Work item =
Collect every line of the records below that contains the word "esculenta".

Data excerpts =
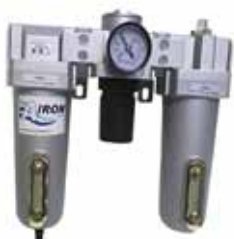
UNIDAD DE 3/4" / ATMT-3
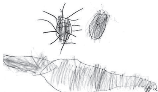
Figura 3. Dibujo libre de Cravo, 7 años
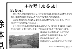
北谷池の歴史表示板

各自治会の環境保全会を中心に、除草、植樹、獣害対策など、また、通学路の除草活動にも取り組んでいきます。担い手の高齢化など、課題もありますが、各団体における連携を深め、地域における環境保全の取組を支援します。また、地域の見所表示にも取組みます。
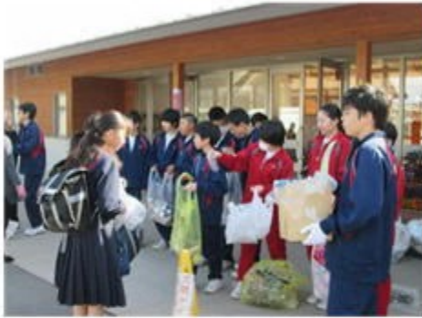
ボランティア活動の朝～玄関前にて

今年は朝登校しながら、ボランティア活動として通学路のゴミ拾いを実施しました。近所の方々と元気にあいさつを交わしながら地域の清掃活動を通して、奉仕の精神、郷土を愛する意識を高められたらと思います。活動した生徒の感想を紹介します。
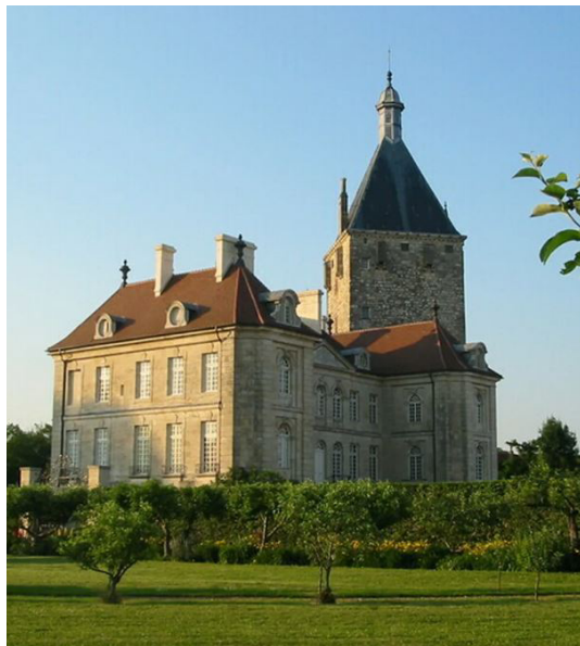
Château de Talmay
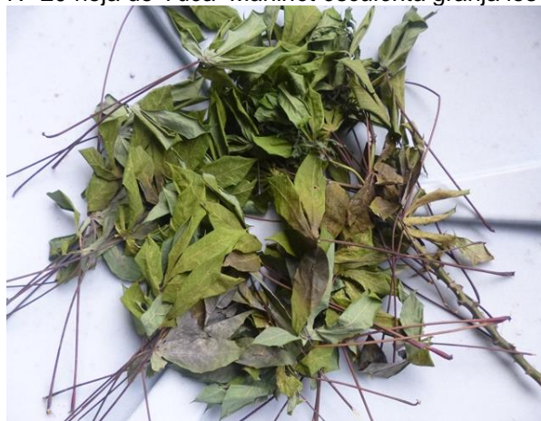
Imagen N° 20 hoja de Yuca Manihot esculenta granja los Laureles

Para ello se propone implementar el cultivo de media hectárea de yuca Manihot esculenta , dentro del predio de la granja Los laureles. El cultivo será dispuesto en cuatro siembras durante el año, para ello se dividirá la media hectárea en cuatro partes o sea en 1/8 de hectárea.
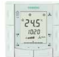
Термостат Siemens RDF 310.2
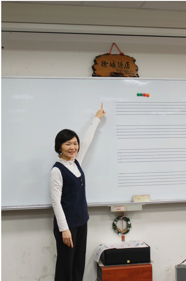
上面的牌匾是老師的學生送的，因為老師的學生曾經互相開玩笑說老師是賣譜的。
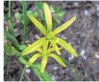
Weidegeelster Bloei: maart-april
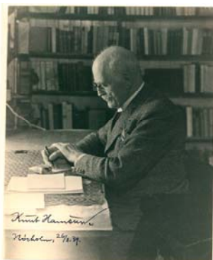
Nr. 39: Knut Hamsun

1841 Dem Herrn Franz Oppen Ich sende Ihnen gerüst die Photo von dem einzigen Bild welches echt ist. Die drei "metaphysischen" sind alle drei falsche Bilder, die wahrscheinlich aus Täuschung von mir. Ich muss die photos von den falschen Bildern behalten um 9 Bitt für mich. Namen. Ich kann schreiben von dem, als die jungen die Ihnen die falsche Bild angeboten haben. Ich habe keine hier, für Juni. Ich habe manche metaphysisch Bilder, wenn Sie kaufen wollen; aber Ich muss Ihnen sagen dass die Autentik die Ich hinter das Bild schreiben ist dass Ich das Bild gemacht habe und mein Name ist von meiner Hand geschrieben. Wenn jemand mein Name in welchem Jahr Ich das Bild gemacht habe dann antwort ich dass ein Bild ist ein Kunstwerk
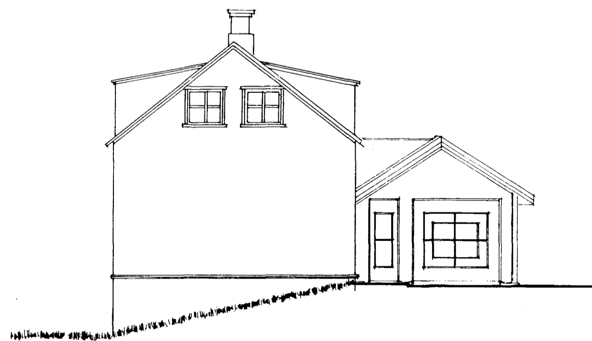
ÚTLIT - SUÐUR
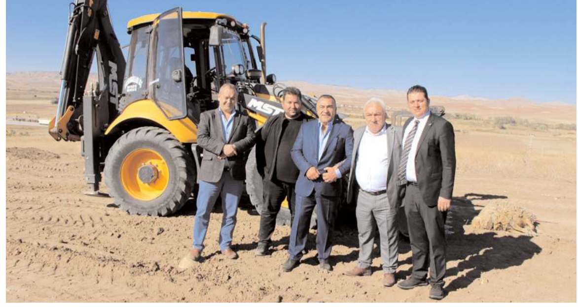
Kurulacak olan tesis için hafriyat çalışmalarına başlandı.
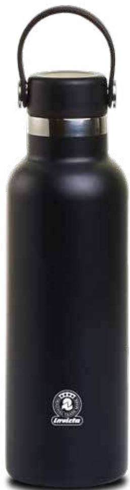
COLOR BLACK MATTE FINISHING

12 pezzi ( 6 x colore) / 12 pieces ( 6 x color)
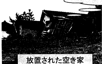
放置された空き家

Uターン者の受皿として、有効活用 ・受入住宅への改修 ・空き家バンク(登録紹介事業)等

Solution for this task =
Imagen N° 20 hoja de Yuca Manihot esculenta granja los Laureles
Para ello se propone implementar el cultivo de media hectárea de yuca Manihot esculenta , dentro del predio de la granja Los laureles. El cultivo será dispuesto en cuatro siembras durante el año, para ello se dividirá la media hectárea en cuatro partes o sea en 1/8 de hectárea.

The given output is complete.